Monday, February 4, 2019

Living in Austin.

Phew. Sure wish I was updating this shit more often. I'm barely even keeping track of what I'm up to in a notebook these days. Mostly I want to keep track of this shit for myself to look back on when I'm old and bored and wondering what the hell I was doing throughout my life - seeing that I can't remember whether certain shit happened last week or a year ago most of the time. I don't know what's up with that. My mental timeline is way off, and I mostly just say everything happened "about ten years ago." I remember tons of detail about events, but have no real clue when they happened. I guess that's fine, 'cause it's gotta be. No other choice. This is what I've got.

I'm in Austin now. I got here on Friday. I'm trying to rent a room somewhere, which feels like an absolutely monumental task. I checked out a place Friday afternoon. It smelled funny, and it's a room in a shared house with individual month-to-month leases for each room.

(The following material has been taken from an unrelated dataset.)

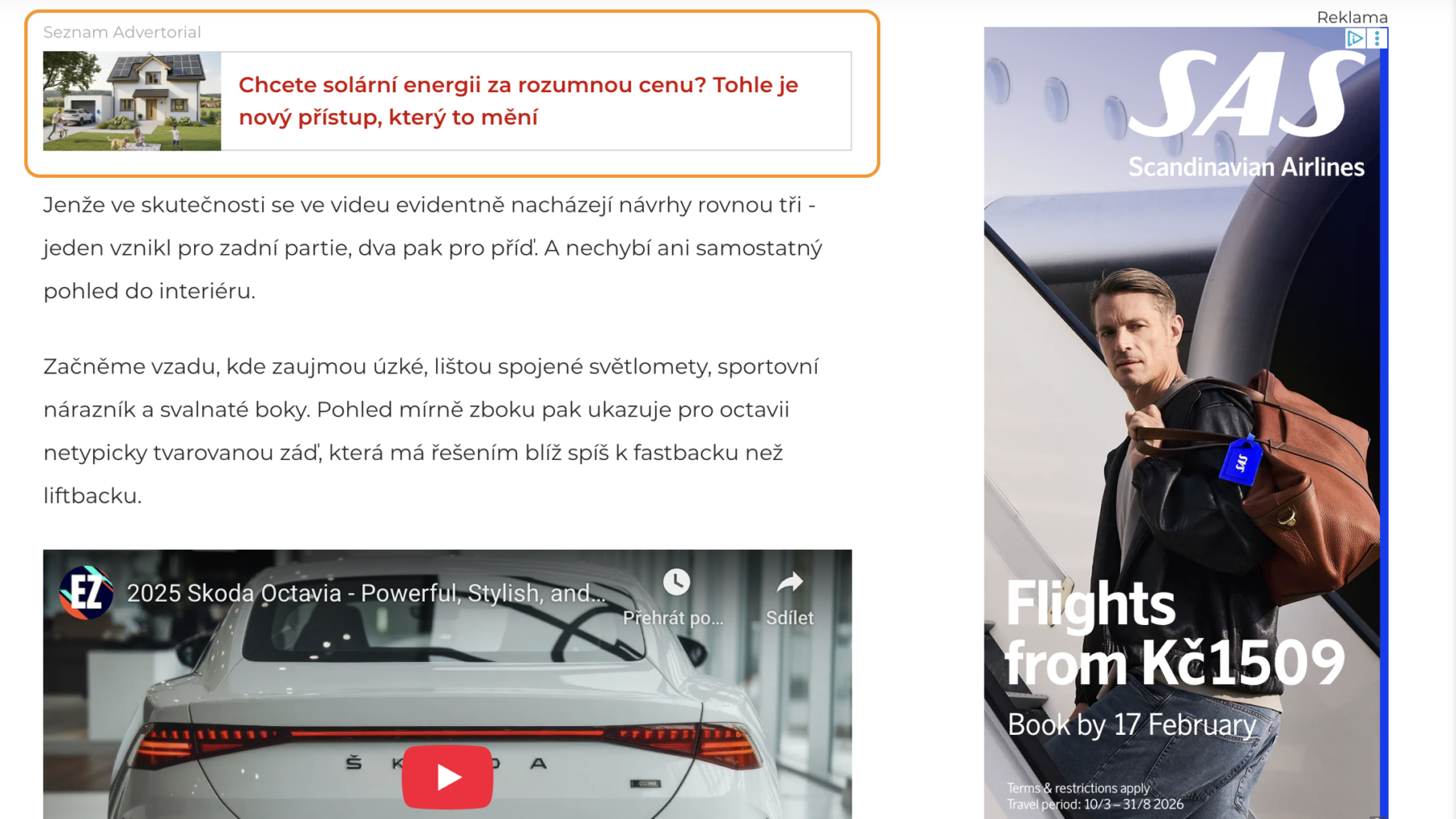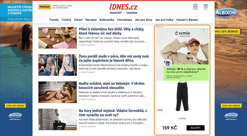 Vizuální reklama zobrazující se na Seznamu a tisících webech, které spadají či mají spolupráci se Seznamem.

Seems like kind of a high-risk random roommate situation.

I checked out another place that blew my mind. I met with the roommates in this sorta co-op-ish situation with an absolutely giant and beautiful room. I thought the interview went well. Apparently not well enough, because I got an email saying that they didn't think I'd be a good fit. That felt kinda bad. I'm a fucking weirdo. I want people to like me, though. I'm pretty mentally invested in being well liked. I have to let some of that shit go, 'cause as it turns out I'm not for everybody. I think I'm cool. I think they didn't really get who I am or what I'm about. And I'm a fucking weirdo. Damnit. I feel fucking insane, and I really can't control that.

So I'm here in Austin. I have been mostly very happy to be here. I love Austin, and that's why I'm here. Trying to make a go of it and stay here for awhile. But I'm feeling anxiety about the unknown, and not doing a very good job at reducing alcohol consumption. Fuckit. I'll sort all my shit out in good time. Austin is a good spot to feel like a crazy person. Feels forgiving for that kind of thing.

I at least got a shower today. I needed one. I went to Barton Springs - a natural pool - and they didn't even charge me to enter. She just looked at me and said "you're good." Cool. Hot shower. Washed the stale beer out of my hair. That's another story I guess.